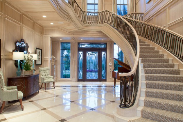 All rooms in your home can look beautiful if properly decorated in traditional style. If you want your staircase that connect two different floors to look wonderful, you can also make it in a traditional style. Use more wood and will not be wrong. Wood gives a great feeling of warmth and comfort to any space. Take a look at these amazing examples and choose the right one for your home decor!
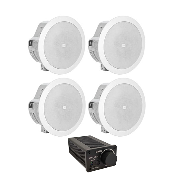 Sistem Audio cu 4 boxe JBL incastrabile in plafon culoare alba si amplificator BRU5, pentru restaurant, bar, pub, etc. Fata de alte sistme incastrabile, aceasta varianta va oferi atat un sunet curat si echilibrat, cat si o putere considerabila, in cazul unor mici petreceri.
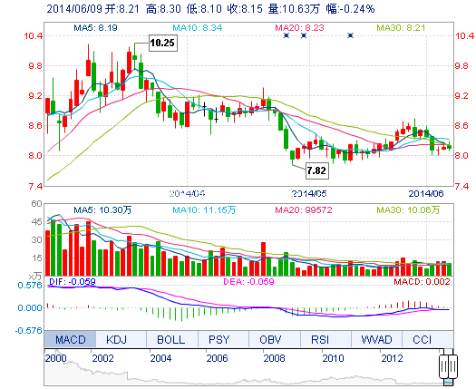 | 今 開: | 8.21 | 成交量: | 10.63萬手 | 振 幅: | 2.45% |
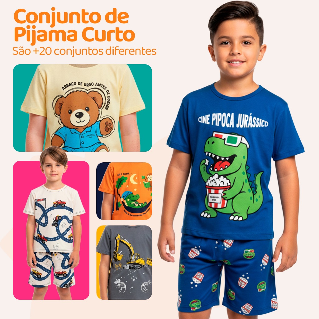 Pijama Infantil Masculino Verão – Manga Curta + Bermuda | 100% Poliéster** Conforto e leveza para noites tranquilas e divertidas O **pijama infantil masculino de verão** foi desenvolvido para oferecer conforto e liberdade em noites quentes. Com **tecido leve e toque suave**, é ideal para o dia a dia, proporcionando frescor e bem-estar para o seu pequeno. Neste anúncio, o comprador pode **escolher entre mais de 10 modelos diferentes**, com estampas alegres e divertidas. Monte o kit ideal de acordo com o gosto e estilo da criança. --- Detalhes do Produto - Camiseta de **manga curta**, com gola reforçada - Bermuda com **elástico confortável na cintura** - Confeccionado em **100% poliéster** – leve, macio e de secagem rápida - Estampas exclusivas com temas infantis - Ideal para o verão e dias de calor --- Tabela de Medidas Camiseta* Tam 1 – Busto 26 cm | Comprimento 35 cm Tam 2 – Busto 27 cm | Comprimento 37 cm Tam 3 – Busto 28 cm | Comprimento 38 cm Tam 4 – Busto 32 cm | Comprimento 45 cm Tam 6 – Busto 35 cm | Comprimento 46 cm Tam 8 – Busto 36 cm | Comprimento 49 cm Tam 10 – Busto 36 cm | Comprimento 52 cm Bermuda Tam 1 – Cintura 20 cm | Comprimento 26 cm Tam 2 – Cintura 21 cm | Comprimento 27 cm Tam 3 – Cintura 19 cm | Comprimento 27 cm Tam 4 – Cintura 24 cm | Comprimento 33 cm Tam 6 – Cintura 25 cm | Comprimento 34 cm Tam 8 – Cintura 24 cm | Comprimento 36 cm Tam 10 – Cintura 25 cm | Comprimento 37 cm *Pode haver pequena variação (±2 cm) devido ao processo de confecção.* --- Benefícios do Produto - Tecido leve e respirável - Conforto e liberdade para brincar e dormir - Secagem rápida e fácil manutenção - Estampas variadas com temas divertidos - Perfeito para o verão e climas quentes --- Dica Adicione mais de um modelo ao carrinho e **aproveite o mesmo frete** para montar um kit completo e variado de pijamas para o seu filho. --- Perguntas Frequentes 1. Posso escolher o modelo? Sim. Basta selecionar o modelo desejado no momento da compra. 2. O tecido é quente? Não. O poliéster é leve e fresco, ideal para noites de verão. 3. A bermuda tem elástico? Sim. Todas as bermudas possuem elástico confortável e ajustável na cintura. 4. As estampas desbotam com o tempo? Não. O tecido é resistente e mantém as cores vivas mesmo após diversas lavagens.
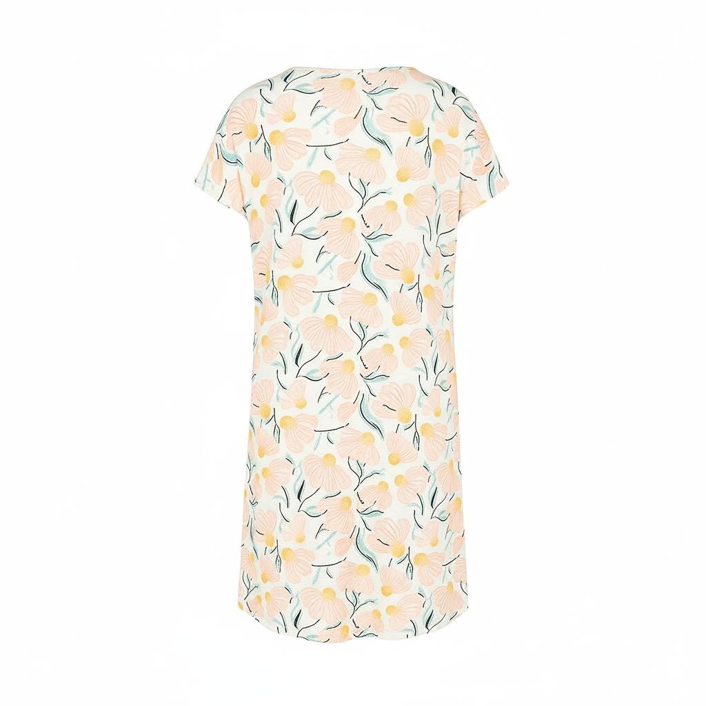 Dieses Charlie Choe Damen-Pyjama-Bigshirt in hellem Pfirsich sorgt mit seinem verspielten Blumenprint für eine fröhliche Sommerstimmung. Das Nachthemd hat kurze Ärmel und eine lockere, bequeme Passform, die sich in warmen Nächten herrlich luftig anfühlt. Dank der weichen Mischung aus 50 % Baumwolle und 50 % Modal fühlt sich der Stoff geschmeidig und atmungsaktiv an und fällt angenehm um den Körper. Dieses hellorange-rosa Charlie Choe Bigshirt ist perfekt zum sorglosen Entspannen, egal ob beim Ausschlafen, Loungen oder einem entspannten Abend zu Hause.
□ □ □ □ □
_Problem to solve_. Without the pictures, write out every entry precisely as it appears.

_Task result_.
 All rooms in your home can look beautiful if properly decorated in traditional style. If you want your staircase that connect two different floors to look wonderful, you can also make it in a traditional style. Use more wood and will not be wrong. Wood gives a great feeling of warmth and comfort to any space. Take a look at these amazing examples and choose the right one for your home decor!
 Sistem Audio cu 4 boxe JBL incastrabile in plafon culoare alba si amplificator BRU5, pentru restaurant, bar, pub, etc. Fata de alte sistme incastrabile, aceasta varianta va oferi atat un sunet curat si echilibrat, cat si o putere considerabila, in cazul unor mici petreceri.
 | 今 開: | 8.21 | 成交量: | 10.63萬手 | 振 幅: | 2.45% |
 Pijama Infantil Masculino Verão – Manga Curta + Bermuda | 100% Poliéster** Conforto e leveza para noites tranquilas e divertidas O **pijama infantil masculino de verão** foi desenvolvido para oferecer conforto e liberdade em noites quentes. Com **tecido leve e toque suave**, é ideal para o dia a dia, proporcionando frescor e bem-estar para o seu pequeno. Neste anúncio, o comprador pode **escolher entre mais de 10 modelos diferentes**, com estampas alegres e divertidas. Monte o kit ideal de acordo com o gosto e estilo da criança. --- Detalhes do Produto - Camiseta de **manga curta**, com gola reforçada - Bermuda com **elástico confortável na cintura** - Confeccionado em **100% poliéster** – leve, macio e de secagem rápida - Estampas exclusivas com temas infantis - Ideal para o verão e dias de calor --- Tabela de Medidas Camiseta* Tam 1 – Busto 26 cm | Comprimento 35 cm Tam 2 – Busto 27 cm | Comprimento 37 cm Tam 3 – Busto 28 cm | Comprimento 38 cm Tam 4 – Busto 32 cm | Comprimento 45 cm Tam 6 – Busto 35 cm | Comprimento 46 cm Tam 8 – Busto 36 cm | Comprimento 49 cm Tam 10 – Busto 36 cm | Comprimento 52 cm Bermuda Tam 1 – Cintura 20 cm | Comprimento 26 cm Tam 2 – Cintura 21 cm | Comprimento 27 cm Tam 3 – Cintura 19 cm | Comprimento 27 cm Tam 4 – Cintura 24 cm | Comprimento 33 cm Tam 6 – Cintura 25 cm | Comprimento 34 cm Tam 8 – Cintura 24 cm | Comprimento 36 cm Tam 10 – Cintura 25 cm | Comprimento 37 cm *Pode haver pequena variação (±2 cm) devido ao processo de confecção.* --- Benefícios do Produto - Tecido leve e respirável - Conforto e liberdade para brincar e dormir - Secagem rápida e fácil manutenção - Estampas variadas com temas divertidos - Perfeito para o verão e climas quentes --- Dica Adicione mais de um modelo ao carrinho e **aproveite o mesmo frete** para montar um kit completo e variado de pijamas para o seu filho. --- Perguntas Frequentes 1. Posso escolher o modelo? Sim. Basta selecionar o modelo desejado no momento da compra. 2. O tecido é quente? Não. O poliéster é leve e fresco, ideal para noites de verão. 3. A bermuda tem elástico? Sim. Todas as bermudas possuem elástico confortável e ajustável na cintura. 4. As estampas desbotam com o tempo? Não. O tecido é resistente e mantém as cores vivas mesmo após diversas lavagens.
 Dieses Charlie Choe Damen-Pyjama-Bigshirt in hellem Pfirsich sorgt mit seinem verspielten Blumenprint für eine fröhliche Sommerstimmung. Das Nachthemd hat kurze Ärmel und eine lockere, bequeme Passform, die sich in warmen Nächten herrlich luftig anfühlt. Dank der weichen Mischung aus 50 % Baumwolle und 50 % Modal fühlt sich der Stoff geschmeidig und atmungsaktiv an und fällt angenehm um den Körper. Dieses hellorange-rosa Charlie Choe Bigshirt ist perfekt zum sorglosen Entspannen, egal ob beim Ausschlafen, Loungen oder einem entspannten Abend zu Hause.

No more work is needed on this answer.